"nvidia-smi" not working. Nvidia-Xavier Soc(ZF-ProAI)

Hello everyone,

I am working on a device called ZF-ProAI which is composed of a safety microcontroller (Aurix) and a performance microprocessor (Nvidia Xavier SoC). The Nvidia Xavier SoC includes an ARM-based octacore CPU and a Volta GPU.

Technical specification of ZF-ProAI includes Nvidia-Xavier-SOC, CPU 8 Cores @ 2.1 GHz, GPU Volta, 4TPC with Linux tegra-ubuntu 4.14.78-rt44-tegra OS installed in it. This hardware is sold with this preinstalled OS and with CUDA-10 .1 for AI development.

nvidia@tegra-ubuntu:~$ nvidia-smi
NVIDIA-SMI has failed because it couldn't communicate with the NVIDIA driver. Make sure that the latest NVIDIA driver is installed and running.

I am unable to find the exact driver installed. Can anyone help me with this issue.
Thank you in advance.

nvidia-smi” is only used with PCI-based drivers. These are discrete GPUs. The Jetsons all have integrated iGPUs, and are wired directly to the memory controller. Thus, any application using PCI discovery will fail and is not compatible.

I have no idea what ZF-ProAI device is, you need to contact with ZF-ProAI team to get the support directly.

Thank you for the reply,

I am new into this world of GPUs. My PCIe card shows that some GPUs are connected, when I use the lspci command. Does this mean that nvidia-GPU is connected to the PCIe slot?
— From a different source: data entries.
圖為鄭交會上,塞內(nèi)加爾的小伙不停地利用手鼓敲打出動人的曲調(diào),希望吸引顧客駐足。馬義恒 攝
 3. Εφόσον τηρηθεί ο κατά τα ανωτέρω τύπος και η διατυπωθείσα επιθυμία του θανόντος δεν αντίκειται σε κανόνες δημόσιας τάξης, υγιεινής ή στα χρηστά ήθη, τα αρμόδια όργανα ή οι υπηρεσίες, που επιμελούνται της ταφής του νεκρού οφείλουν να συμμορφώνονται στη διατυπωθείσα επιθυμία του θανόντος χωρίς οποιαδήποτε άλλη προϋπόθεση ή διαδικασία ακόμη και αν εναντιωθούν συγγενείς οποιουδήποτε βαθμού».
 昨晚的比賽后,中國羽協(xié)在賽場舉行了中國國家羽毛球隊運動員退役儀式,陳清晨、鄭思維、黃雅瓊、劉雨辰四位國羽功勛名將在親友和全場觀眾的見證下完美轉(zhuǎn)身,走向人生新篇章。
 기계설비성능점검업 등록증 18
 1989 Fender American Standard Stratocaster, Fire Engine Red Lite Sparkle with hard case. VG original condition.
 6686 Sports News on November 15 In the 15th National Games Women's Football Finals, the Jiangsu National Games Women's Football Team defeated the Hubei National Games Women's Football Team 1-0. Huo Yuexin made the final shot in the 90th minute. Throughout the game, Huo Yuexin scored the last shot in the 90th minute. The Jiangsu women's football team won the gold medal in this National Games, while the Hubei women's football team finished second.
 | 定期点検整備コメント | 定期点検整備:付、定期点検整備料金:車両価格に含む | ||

nvidia@tegra-ubuntu:~$ lspci
0000:00:00.0 PCI bridge: NVIDIA Corporation Tegra PCIe x8 Endpoint (rev a1)
0001:00:00.0 PCI bridge: NVIDIA Corporation Tegra PCIe x1 Root Complex (rev a1)
0004:00:00.0 PCI bridge: NVIDIA Corporation Tegra PCIe x4/x8 Endpoint/Root Complex (rev a1)

Or are these iGPUs ?

Anything you see with “lspci” is in a PCI slot (PCIe is just a serial PCI…different physical connection, same logical connection type). You won’t find a Jetson showing a GPU with “lspci” since it is not on a PCI connector (the wiring is direct to the memory controller bus, and the memory controller knows what physical address to use). Restated, “lspci” is all discrete (dGPU), and commands like “nvidia-smi” require a dGPU.
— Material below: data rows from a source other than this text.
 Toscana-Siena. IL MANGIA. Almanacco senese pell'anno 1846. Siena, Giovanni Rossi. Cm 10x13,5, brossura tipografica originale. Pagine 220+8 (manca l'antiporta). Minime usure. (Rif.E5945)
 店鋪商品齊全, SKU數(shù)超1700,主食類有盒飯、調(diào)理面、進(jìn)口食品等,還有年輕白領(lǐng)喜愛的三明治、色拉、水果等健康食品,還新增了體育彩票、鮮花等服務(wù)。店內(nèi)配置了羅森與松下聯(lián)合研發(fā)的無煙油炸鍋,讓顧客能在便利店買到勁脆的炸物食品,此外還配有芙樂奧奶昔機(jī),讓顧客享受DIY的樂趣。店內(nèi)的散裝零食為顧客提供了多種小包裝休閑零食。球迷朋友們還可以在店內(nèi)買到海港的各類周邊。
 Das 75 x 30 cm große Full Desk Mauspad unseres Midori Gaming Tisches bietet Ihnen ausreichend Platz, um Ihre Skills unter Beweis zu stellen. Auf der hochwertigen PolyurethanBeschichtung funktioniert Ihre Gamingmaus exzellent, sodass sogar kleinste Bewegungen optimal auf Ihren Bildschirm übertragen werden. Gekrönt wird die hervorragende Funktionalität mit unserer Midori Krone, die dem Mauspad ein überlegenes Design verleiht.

Those could be anything on your example, but more verbosity (an option to lspci) can shed more light on what is actually there. If you look at your “plain vanilla” lspci you will see that it starts with a bus and slot/function description. You can pick just a single device using that with the “-s” option. As an example you could tell lspci to list only the “0000:00:00.0” device:
lspci -s 0000:00:00.0

Not particularly useful unless you have a lot of PCI devices, but when you combine that with maximum verbosity (which requires using sudo), then it is quite useful:
sudo lspci -s 0000:00:00.0 -vvv
(you might want to use that with a pager it is a big response: “sudo lspci -s 0000:00:00.0 -vvv | less”)

An example of the last lines of a fully verbose dGPU on a desktop PC would be:

        Kernel driver in use: nvidia
        Kernel modules: nvidiafb, nouveau, nvidia_drm, nvidia

(which happens to be an NVIDIA VGA device…the “modules” are not actually a list of things used, but is instead a list of drivers known to work with the hardware…the current driver in this case is the “nvidia” GPU driver)

Of those devices you listed anything which is a root complex is basically a controller of PCIe intended to see and manage PCIe devices. An endpoint is a device being controlled by a root complex (there might be a bridge in-between, but the final authority for the device talking to the host is the root complex).

To know more about what each of those listed lspci devices are you’d want to examine the fully verbose answer, which in turn would be mostly answered by knowing which driver is used. I doubt any of those are GPUs, but it is possible that any “endpoint” could be a dGPU.

This topic was automatically closed 14 days after the last reply. New replies are no longer allowed.